Another highlight was being in the same room with US President, Barrack Obama, for a speech he was giving. This opportunity was entirely by chance. I just happened to be in the right place at the right time. I attended without any political interest, purely for the opportunity to see such an iconic figure and charismatic speaker in person. The whole experience was surreal. While waiting outside in the security screening lineup I, and the other people attending, were harassed by demonstrators. It ran the gamut from calling us communists to seeking our support for legalizing drugs. Inside was also awkward for me. While the attendees exuberantly sang the national anthem and pledged allegiance to the flag, I stayed silent and realized that my lack of participation hadn’t gone unnoticed by the secret service. I’m sure they had me marked while the president was in the room. Some of those around me were invited to get close enough to shake his hand while I was never permitted to be closer than a shoes-throw away.

The Fraggle and The Hobo Clown heading to a Halloween party

On that same trip, the hotel I was staying in checked another person into my room while I was out for dinner. Rather than switching rooms, the new tenant packed my luggage and dropped it at the front desk and wouldn’t let anyone into the room until the morning. I was without my passport, keys, computer, etc. as they were still in the safe. It was an unbelievable and frustrating situation. Imagine my surprise when I returned to find my key didn’t work for the room and when I went to the front desk they told me, that’s right we are giving you a different room, here are some of your belongings. For reference, it was the Heathman Hotel in downtown Portland, Oregon. The director of operations has since apologized profusely, but not until after numerous complaints over the situation occurring and how it was handled.

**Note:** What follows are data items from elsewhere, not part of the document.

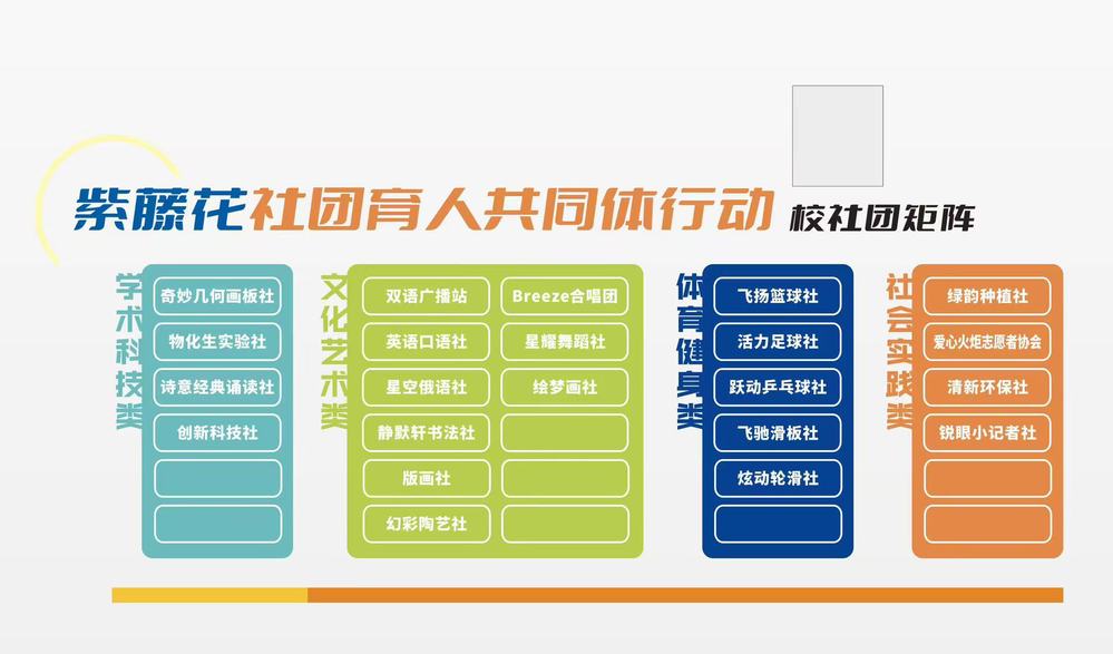伟德官网下载苹果版附属外国语学校围绕“重品行、厚基础、强能力、爱生活”的培养目标,坚持“五育并举”,不断丰富学生的成长路径。学校树立“无边界”课程理念,不断拓展校本课程内容。针对社团课程建设,学校在探索实践中,以“紫藤花社团育人共同体行动”为主题,构建了河外社团课程矩阵,范围涵盖了劳动、科技、体育、艺术、文学、社会实践等方面,让课程彰显丰富性、选择性、探究性和实践性色彩,以提升学生的综合素养。本学年社团招新活动的开展,进一步为同学们发展兴趣特长,提升综合能力,搭建了广阔平台。在新学年教育教学中,我们共同期待各类社团课程如紫藤花一样,芳菲烂漫!
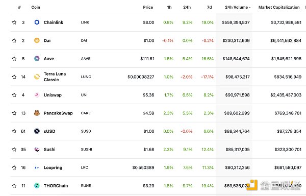 過去24小時去中心化交易所的交易量 數據來源:coingecko
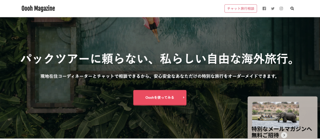 「Oooh Magazine(ウーマガジン)」は、オーダーメイド旅行サービスを展開するOooh株式会社様が運営する、「旅に役立つ最新の海外旅行情報」を届けるWebメディアです。
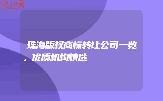 - 珠海版权商标转让公司一览,优质机构精选

The last couple of months have included many great live events including one of my all-time favorites in what turned out to be a surprisingly fantastic venue: Mumford and Sons at The Vogue. Leanne and I stood about twelve rows back on the center aisle watching the crowd and band dancing and singing their hearts out. I also saw the epic performance of Pink Floyd’s The Wall album at Madison Square Garden in New York, and Leanne and I went to the symphony of the Lord of the Rings which was performed by 200 artists. I had some great hockey highlights as well. I went to a Washington Capitals home game and saw Ovechkin and Semin win in overtime over the Philadelphia Flyers, and I’ve been to numerous Canucks games including the season opener.

My joy for great food was also satisfied many times. A couple memorable highlights include dining at Bar Masa in NYC and having mouth watering dishes such as Peking duck with foie gras in moo-shu ski. Leanne and I also had an amazing meal visiting Kim and Tim at his house and where we had an impressive multi-course dinner prepared for us by his phenomenal, personal French chef.

For travel I did revisit NYC and Washington DC travelling between the two by train from Penn Station in Manhattan to Union Station. Other than trips to Portland, that was it for being on the road.

We hope to post some updates over the next few weeks during our adventure.